What you have to do: A faithful copy of the entries is needed, one that leaves out the pictures.

Data extract:
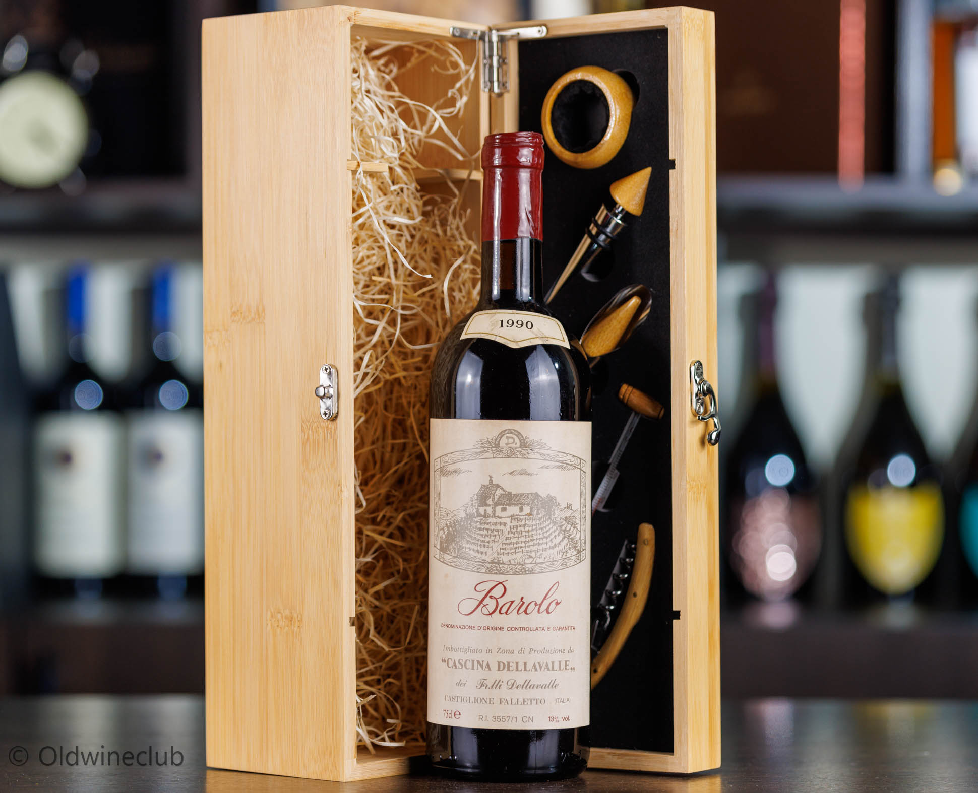 Бутылка предлагается в подарочном деревянном ящике с элитными винными аксессуарами.
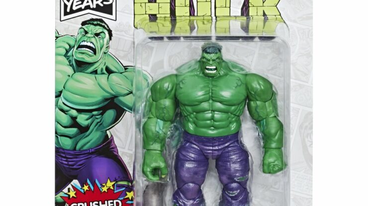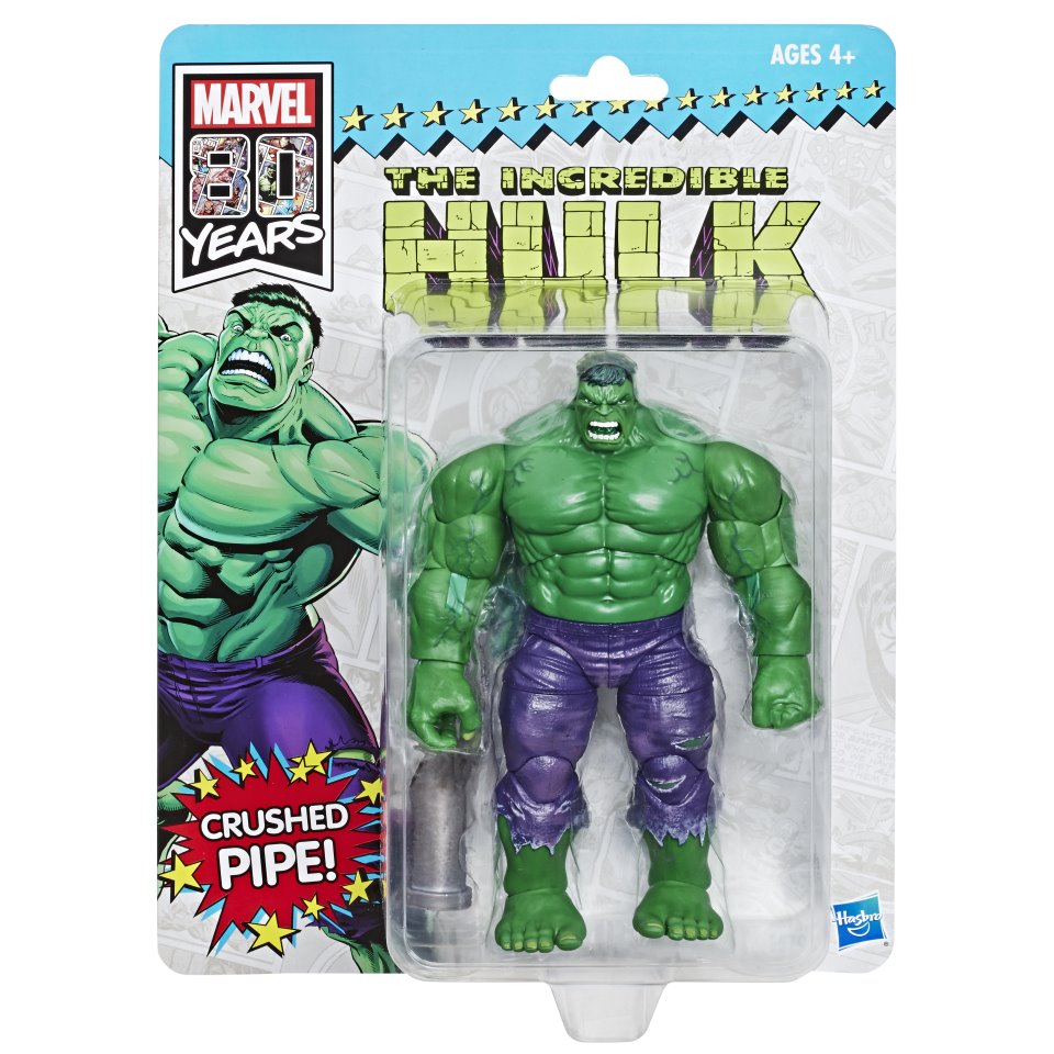Hasbro today shared their first 2019 SDCC exclusive Marvel Legends figure – a single carded ‘vintage style’ Incredible Hulk. Priced at $35 and presented on a ToyBiz-style card. The figure itself is the Marvel 80th collection Hulk, repainted with a new head, no ripped shirt piece and a CRUSHED PIPE!
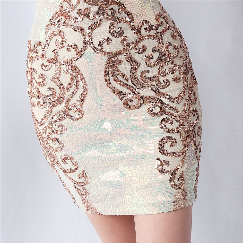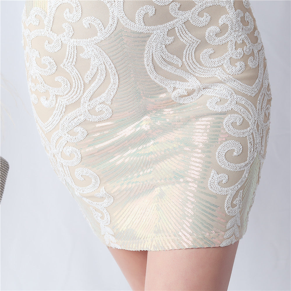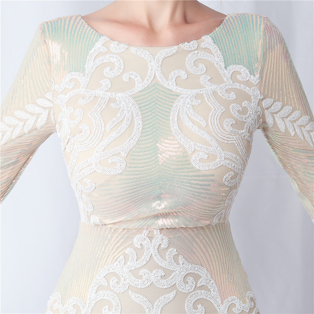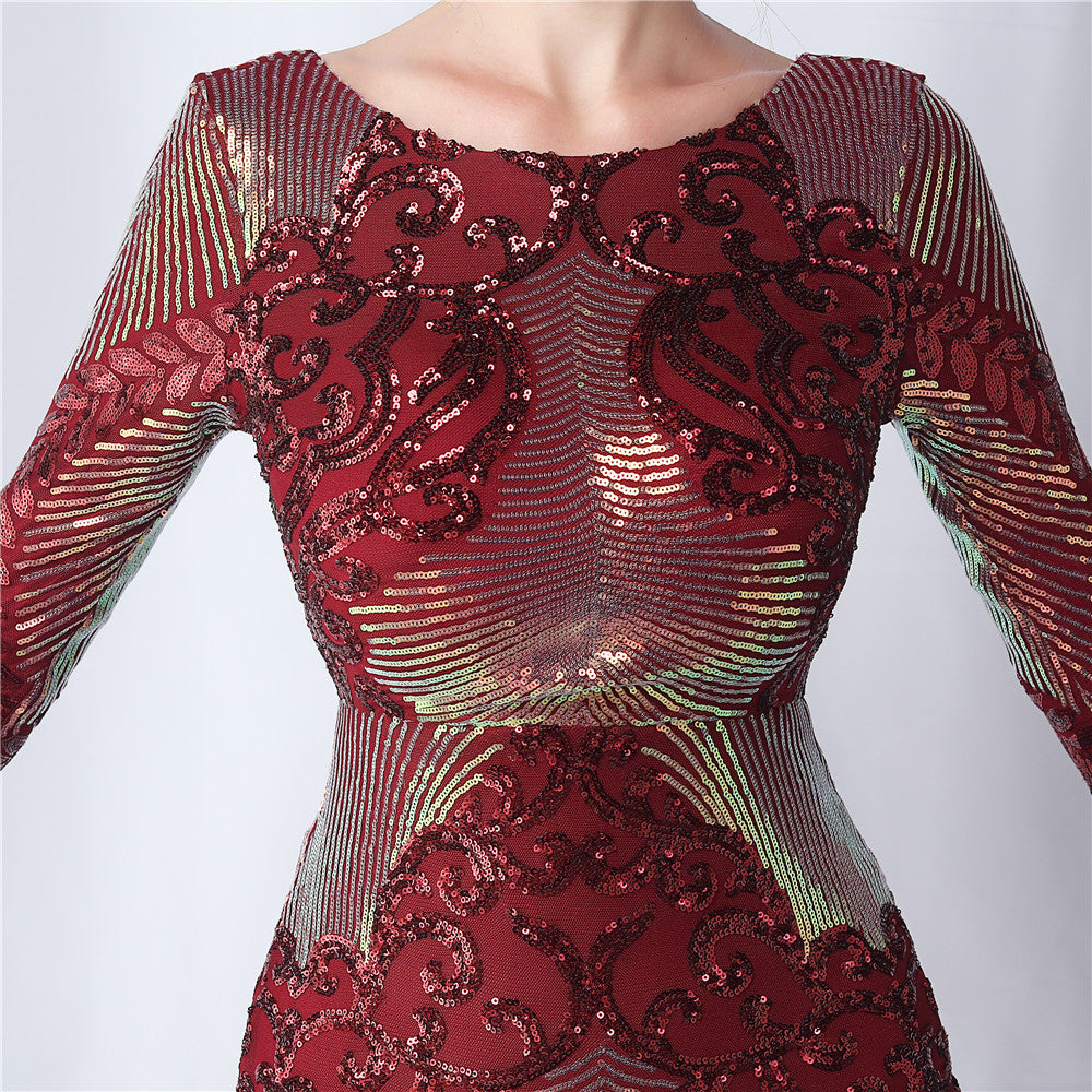 An evening-ready dress with a clean, bodycon silhouette. The crew neck, long sleeves, and sequin detailing are finished with feather accents and a discreet zipper.
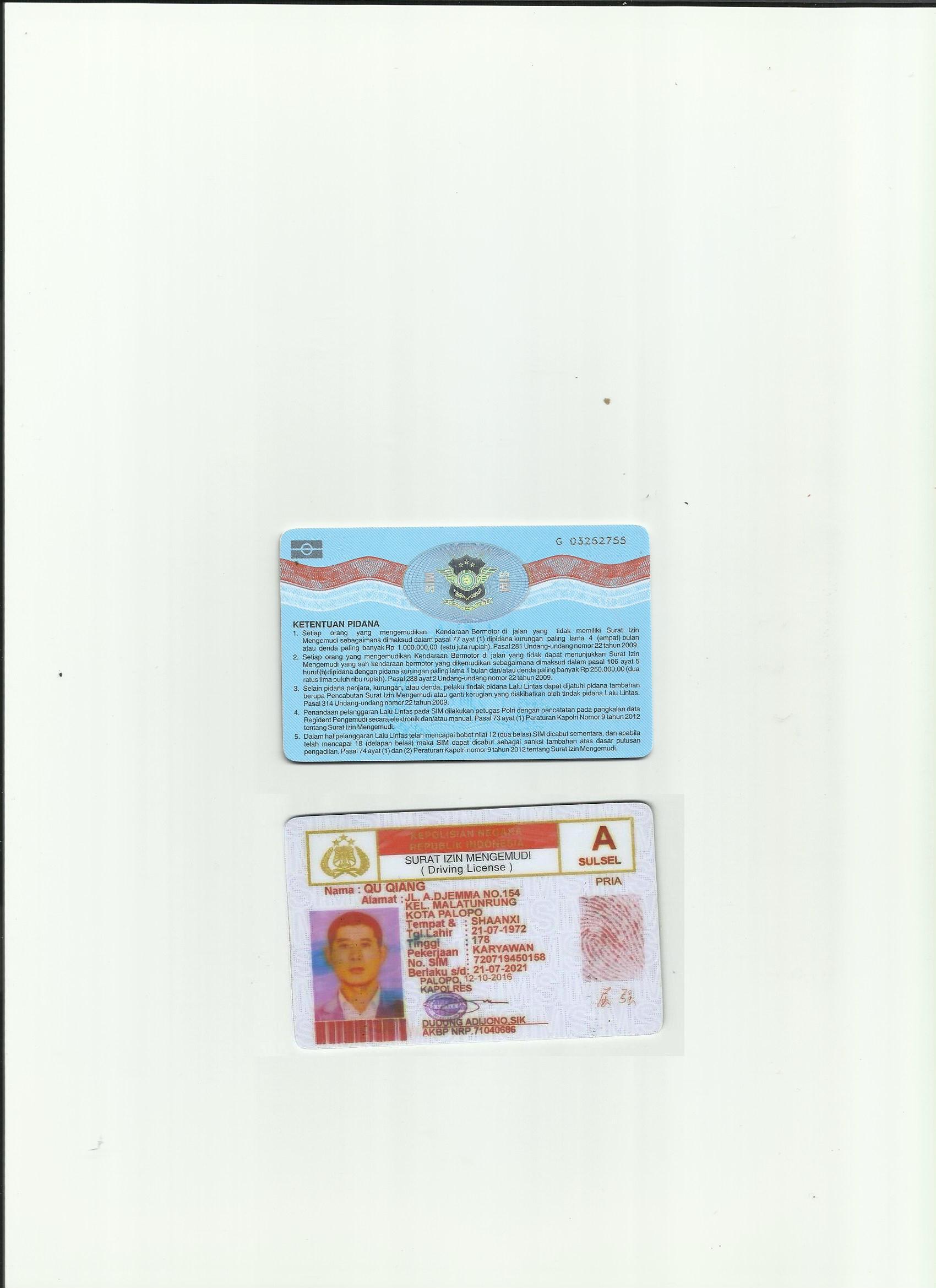 印尼駕照翻譯模版-咸陽市車管所認可翻譯機構
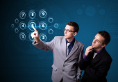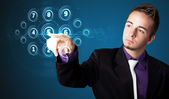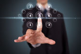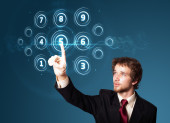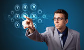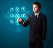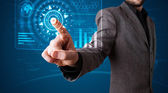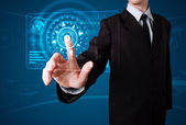 Biznesmen wciskający nowoczesne przyciski typu high tech
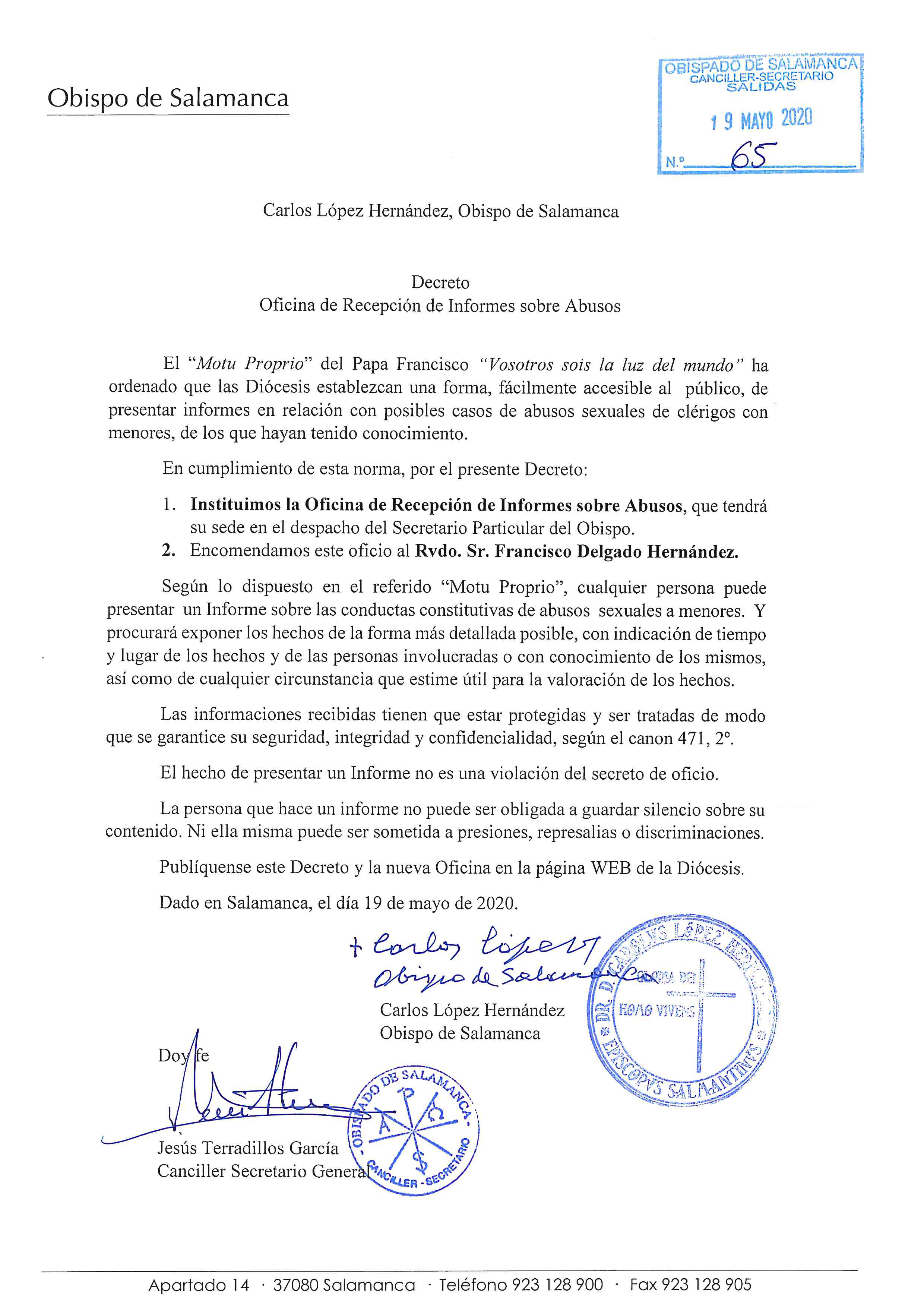 El obispo de la Diócesis de Salamanca, Carlos López Hernández, ha publicado un decreto para la institución de la Oficina de Recepción de Informes sobre Abusos, según se establece en el “Motu Proprio” del Papa Francisco, Vos estis lux mundo (“Vosotros sois la luz del mundo”), que ordena su creación en las diócesis, una forma “fácilmente accesible al público, de presentar informes en relación con posibles casos de abusos sexuales de clérigos con menores, de los que hayan tenido conocimiento”.

Answer for the task:
 Бутылка предлагается в подарочном деревянном ящике с элитными винными аксессуарами.
Hasbro today shared their first 2019 SDCC exclusive Marvel Legends figure – a single carded ‘vintage style’ Incredible Hulk. Priced at $35 and presented on a ToyBiz-style card. The figure itself is the Marvel 80th collection Hulk, repainted with a new head, no ripped shirt piece and a CRUSHED PIPE!
 An evening-ready dress with a clean, bodycon silhouette. The crew neck, long sleeves, and sequin detailing are finished with feather accents and a discreet zipper.
 印尼駕照翻譯模版-咸陽市車管所認可翻譯機構
 Biznesmen wciskający nowoczesne przyciski typu high tech
 El obispo de la Diócesis de Salamanca, Carlos López Hernández, ha publicado un decreto para la institución de la Oficina de Recepción de Informes sobre Abusos, según se establece en el “Motu Proprio” del Papa Francisco, Vos estis lux mundo (“Vosotros sois la luz del mundo”), que ordena su creación en las diócesis, una forma “fácilmente accesible al público, de presentar informes en relación con posibles casos de abusos sexuales de clérigos con menores, de los que hayan tenido conocimiento”.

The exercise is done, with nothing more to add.